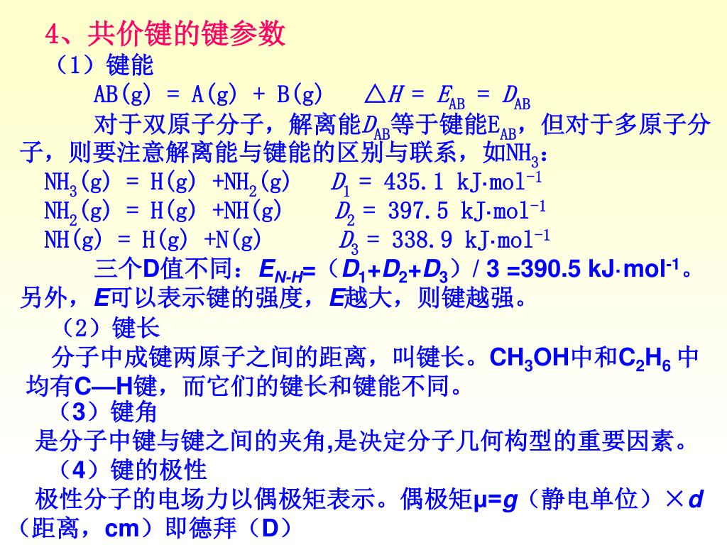4、共价键的键参数 (1)键能 AB(g) = A(g) + B(g) △H = EAB = DAB 对于双原子分子,解离能DAB等于键能EAB,但对于多原子分子,则要注意解离能与键能的区别与联系,如NH3: NH3(g) = H(g) +NH2(g) D1 = 435.1 kJ·mol-1 NH2(g) = H(g) +NH(g) D2 = 397.5 kJ·mol-1 NH(g) = H(g) +N(g) D3 = 338.9 kJ·mol-1 三个D值不同:EN-H=(D1+D2+D3)/ 3 =390.5 kJ·mol-1。另外,E可以表示键的强度,E越大,则键越强。 (2)键长 分子中成键两原子之间的距离,叫键长。CH3OH中和C2H6 中均有C—H键,而它们的键长和键能不同。 (3)键角 是分子中键与键之间的夹角,是决定分子几何构型的重要因素。 (4)键的极性 极性分子的电场力以偶极矩表示。偶极矩μ=g(静电单位)×d(距离,cm)即德拜(D)
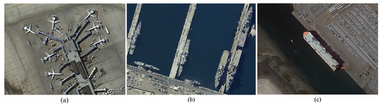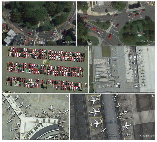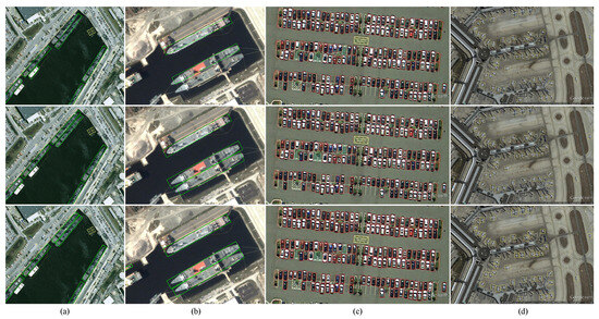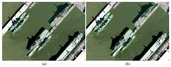 Most deep learning-based OD algorithms have matured within the domain of natural image tasks, where HBBoxs are commonly used as the annotation format. However, when such models are directly applied to RSI scenarios involving arbitrarily oriented and densely packed objects, detection performance often becomes constrained. OOD methods have partially alleviated these limitations. As depicted in Figure 3a,b, compared with HBBox, OBBox offers three key advantages in RS contexts [36]: (1) it more accurately reflects the true aspect ratio of the object; (2) it more effectively distinguishes objects from the background region; and (3) it helps to separate adjacent objects arranged in dense patterns. Figure 4 further demonstrates the differences between HBBox and OBBox annotations, highlighting the importance of OOD in RSI analysis.
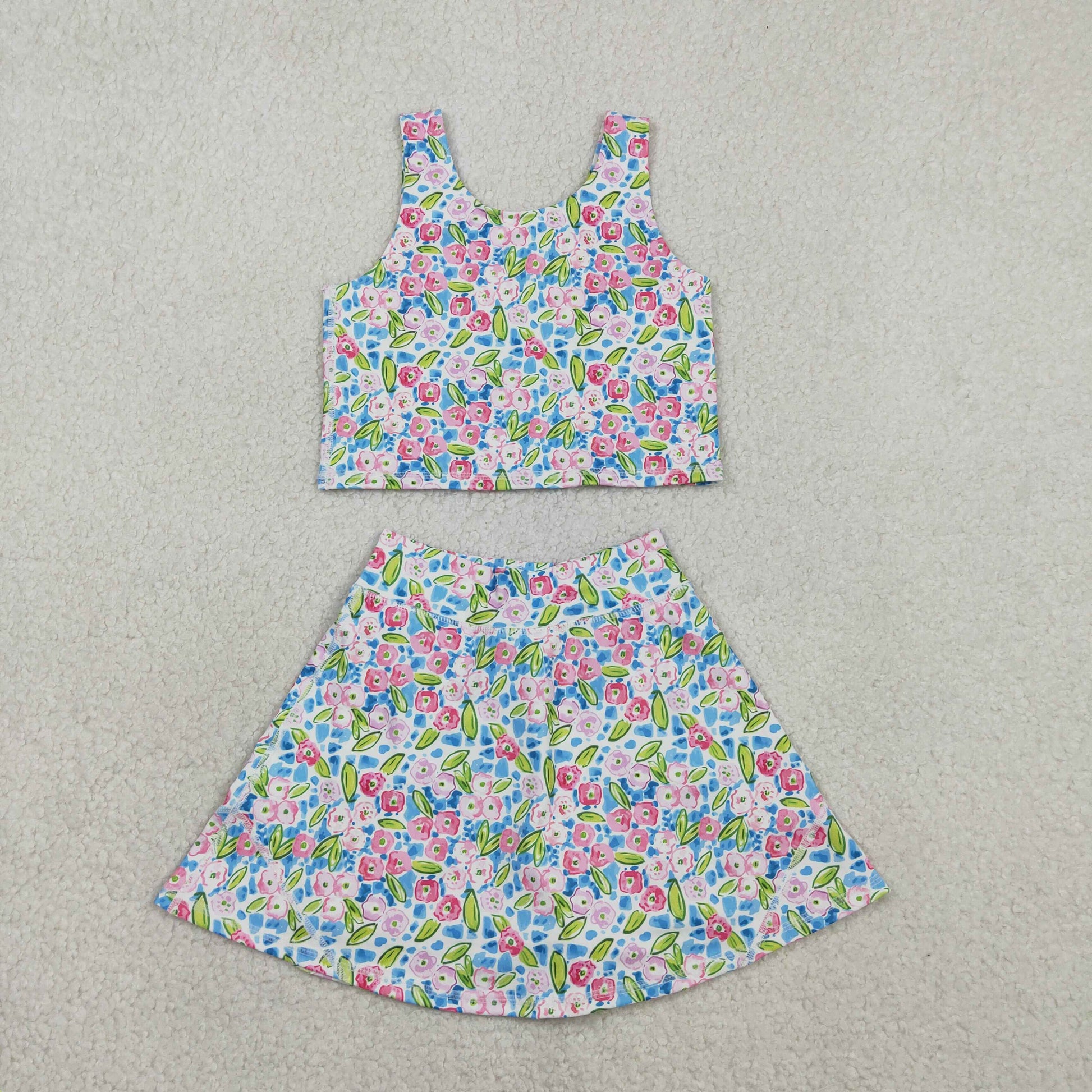 2.10 RTS NO MOQ (In stock)GSD1988 Kids Fashion Clothes Baby Girls Blue Pink Flowers Vest Top Shorts Skirts Yoga Active Set
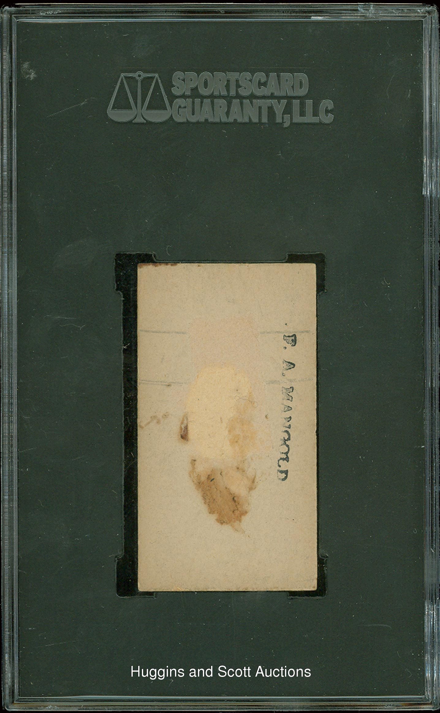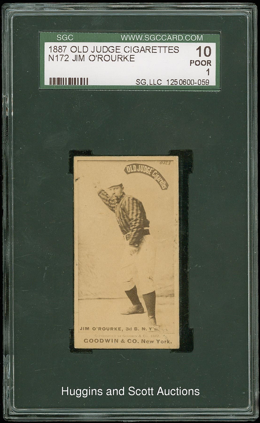 Graded 10 Poor 1 by SGC, this Jim O'Rourke is one of the nicest SGC 10 1887 Old Judge cards on the market. The card has a wonderful obverse, while the reverse shows paper loss and an ink stamp. The card displays considerably better than the technical grade suggests.

◆ ◆ ◆

■ WORK REQUIRED: Could the data above be repeated exactly, with every picture dropped?

■ TASK RESPONSE:
4、共价键的键参数 (1)键能 AB(g) = A(g) + B(g) △H = EAB = DAB 对于双原子分子,解离能DAB等于键能EAB,但对于多原子分子,则要注意解离能与键能的区别与联系,如NH3: NH3(g) = H(g) +NH2(g) D1 = 435.1 kJ·mol-1 NH2(g) = H(g) +NH(g) D2 = 397.5 kJ·mol-1 NH(g) = H(g) +N(g) D3 = 338.9 kJ·mol-1 三个D值不同:EN-H=(D1+D2+D3)/ 3 =390.5 kJ·mol-1。另外,E可以表示键的强度,E越大,则键越强。 (2)键长 分子中成键两原子之间的距离,叫键长。CH3OH中和C2H6 中均有C—H键,而它们的键长和键能不同。 (3)键角 是分子中键与键之间的夹角,是决定分子几何构型的重要因素。 (4)键的极性 极性分子的电场力以偶极矩表示。偶极矩μ=g(静电单位)×d(距离,cm)即德拜(D)
 Most deep learning-based OD algorithms have matured within the domain of natural image tasks, where HBBoxs are commonly used as the annotation format. However, when such models are directly applied to RSI scenarios involving arbitrarily oriented and densely packed objects, detection performance often becomes constrained. OOD methods have partially alleviated these limitations. As depicted in Figure 3a,b, compared with HBBox, OBBox offers three key advantages in RS contexts [36]: (1) it more accurately reflects the true aspect ratio of the object; (2) it more effectively distinguishes objects from the background region; and (3) it helps to separate adjacent objects arranged in dense patterns. Figure 4 further demonstrates the differences between HBBox and OBBox annotations, highlighting the importance of OOD in RSI analysis.
 2.10 RTS NO MOQ (In stock)GSD1988 Kids Fashion Clothes Baby Girls Blue Pink Flowers Vest Top Shorts Skirts Yoga Active Set
 Graded 10 Poor 1 by SGC, this Jim O'Rourke is one of the nicest SGC 10 1887 Old Judge cards on the market. The card has a wonderful obverse, while the reverse shows paper loss and an ink stamp. The card displays considerably better than the technical grade suggests.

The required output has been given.